**Brief**. Restate, word for word and with no pictures, the stretch of lines in the data below that begins at the line with "Fragment the record" and ends at the line with "Italico à Rome. |", inclusive.

**Exercise input**.
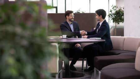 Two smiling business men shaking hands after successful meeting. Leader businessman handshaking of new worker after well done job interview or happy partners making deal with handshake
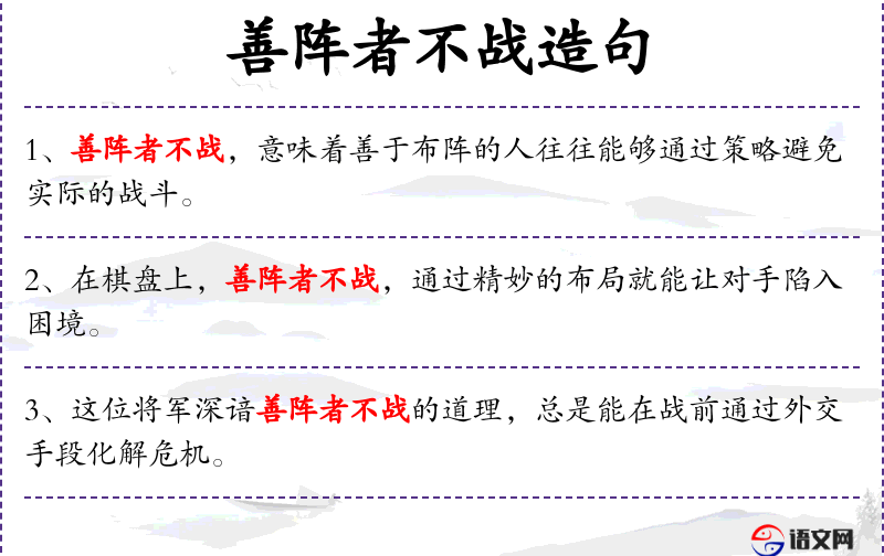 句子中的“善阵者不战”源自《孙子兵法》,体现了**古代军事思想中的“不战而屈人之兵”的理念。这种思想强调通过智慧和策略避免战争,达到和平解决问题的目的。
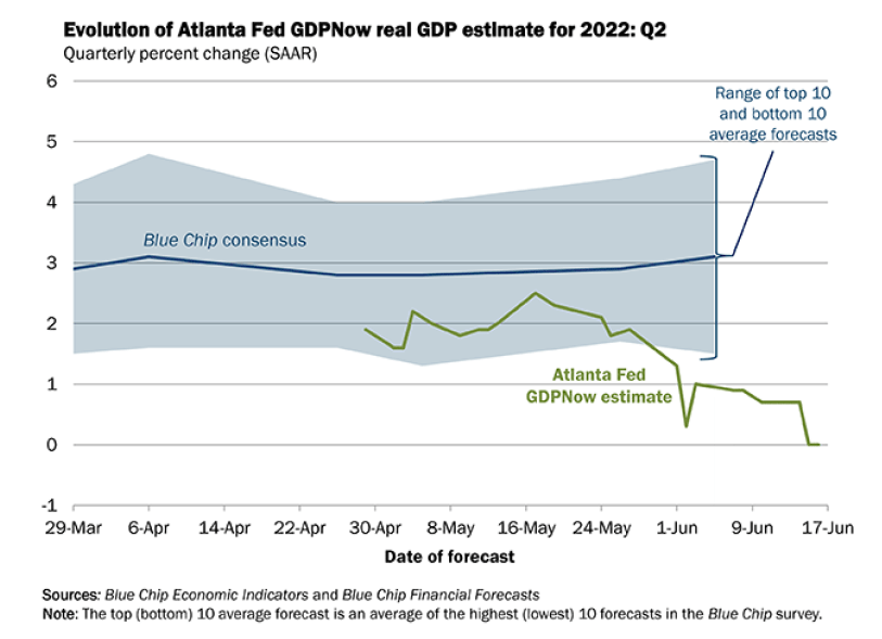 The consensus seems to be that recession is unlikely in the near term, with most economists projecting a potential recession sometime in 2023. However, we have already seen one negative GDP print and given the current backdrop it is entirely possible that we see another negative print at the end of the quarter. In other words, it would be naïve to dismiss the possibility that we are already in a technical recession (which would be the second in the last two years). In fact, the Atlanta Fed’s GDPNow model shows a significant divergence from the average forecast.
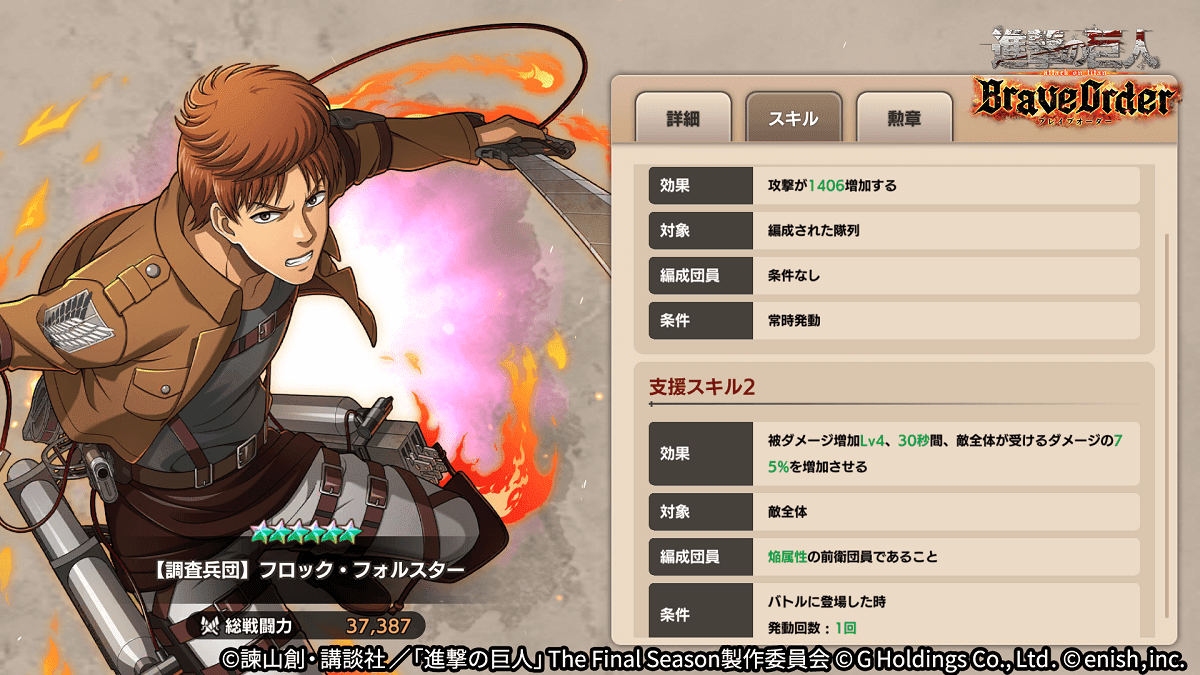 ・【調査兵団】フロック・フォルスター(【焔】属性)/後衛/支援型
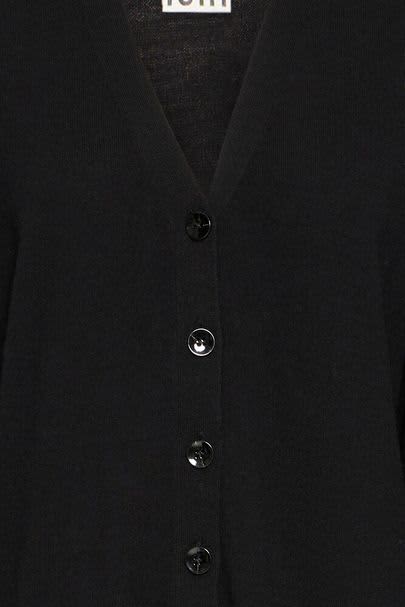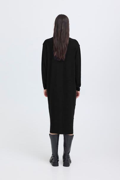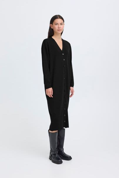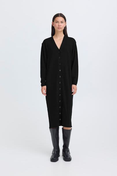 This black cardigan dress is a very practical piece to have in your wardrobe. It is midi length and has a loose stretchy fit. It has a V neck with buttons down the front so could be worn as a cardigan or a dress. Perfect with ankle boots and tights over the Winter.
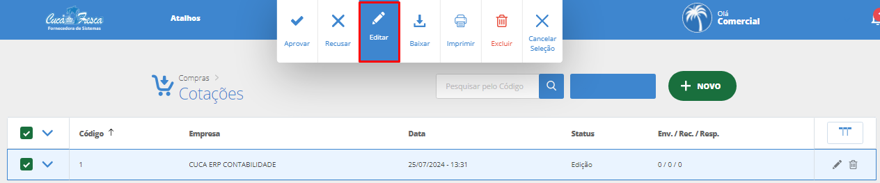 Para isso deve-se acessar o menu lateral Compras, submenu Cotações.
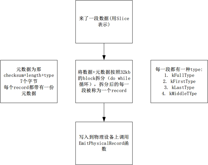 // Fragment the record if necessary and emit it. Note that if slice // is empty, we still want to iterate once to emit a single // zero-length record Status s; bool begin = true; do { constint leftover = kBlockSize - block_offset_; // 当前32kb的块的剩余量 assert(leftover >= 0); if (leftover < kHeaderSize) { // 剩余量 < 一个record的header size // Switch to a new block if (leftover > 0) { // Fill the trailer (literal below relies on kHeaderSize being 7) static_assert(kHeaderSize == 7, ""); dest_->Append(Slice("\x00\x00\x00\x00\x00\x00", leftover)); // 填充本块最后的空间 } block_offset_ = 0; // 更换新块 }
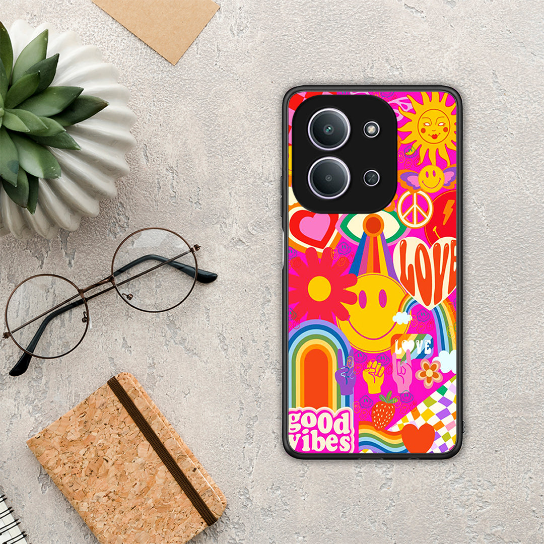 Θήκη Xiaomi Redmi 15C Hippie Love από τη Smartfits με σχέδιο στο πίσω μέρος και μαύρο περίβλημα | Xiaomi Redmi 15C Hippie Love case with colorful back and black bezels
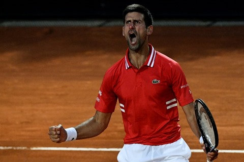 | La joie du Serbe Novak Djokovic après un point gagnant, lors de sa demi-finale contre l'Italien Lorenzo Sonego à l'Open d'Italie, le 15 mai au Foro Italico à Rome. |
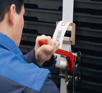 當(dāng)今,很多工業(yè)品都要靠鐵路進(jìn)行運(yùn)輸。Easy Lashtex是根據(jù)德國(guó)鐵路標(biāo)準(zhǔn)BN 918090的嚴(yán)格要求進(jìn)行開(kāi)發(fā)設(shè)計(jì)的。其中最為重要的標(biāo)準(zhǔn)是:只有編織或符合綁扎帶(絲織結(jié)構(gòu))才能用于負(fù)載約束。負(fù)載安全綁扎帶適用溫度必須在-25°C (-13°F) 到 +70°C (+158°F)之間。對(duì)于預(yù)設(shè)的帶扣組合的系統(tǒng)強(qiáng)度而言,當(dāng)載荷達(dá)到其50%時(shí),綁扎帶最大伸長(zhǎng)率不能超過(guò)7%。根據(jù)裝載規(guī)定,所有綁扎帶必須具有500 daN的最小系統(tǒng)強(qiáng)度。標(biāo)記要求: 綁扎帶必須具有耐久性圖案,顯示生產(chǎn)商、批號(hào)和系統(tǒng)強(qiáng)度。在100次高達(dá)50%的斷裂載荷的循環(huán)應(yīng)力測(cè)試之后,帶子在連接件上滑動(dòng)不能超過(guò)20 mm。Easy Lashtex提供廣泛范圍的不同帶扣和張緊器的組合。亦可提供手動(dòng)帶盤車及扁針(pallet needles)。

* * *

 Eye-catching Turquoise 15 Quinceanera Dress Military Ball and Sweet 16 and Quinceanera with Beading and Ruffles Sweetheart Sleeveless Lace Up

**Answer section**.
 // Fragment the record if necessary and emit it. Note that if slice // is empty, we still want to iterate once to emit a single // zero-length record Status s; bool begin = true; do { constint leftover = kBlockSize - block_offset_; // 当前32kb的块的剩余量 assert(leftover >= 0); if (leftover < kHeaderSize) { // 剩余量 < 一个record的header size // Switch to a new block if (leftover > 0) { // Fill the trailer (literal below relies on kHeaderSize being 7) static_assert(kHeaderSize == 7, ""); dest_->Append(Slice("\x00\x00\x00\x00\x00\x00", leftover)); // 填充本块最后的空间 } block_offset_ = 0; // 更换新块 }
 Θήκη Xiaomi Redmi 15C Hippie Love από τη Smartfits με σχέδιο στο πίσω μέρος και μαύρο περίβλημα | Xiaomi Redmi 15C Hippie Love case with colorful back and black bezels
 | La joie du Serbe Novak Djokovic après un point gagnant, lors de sa demi-finale contre l'Italien Lorenzo Sonego à l'Open d'Italie, le 15 mai au Foro Italico à Rome. |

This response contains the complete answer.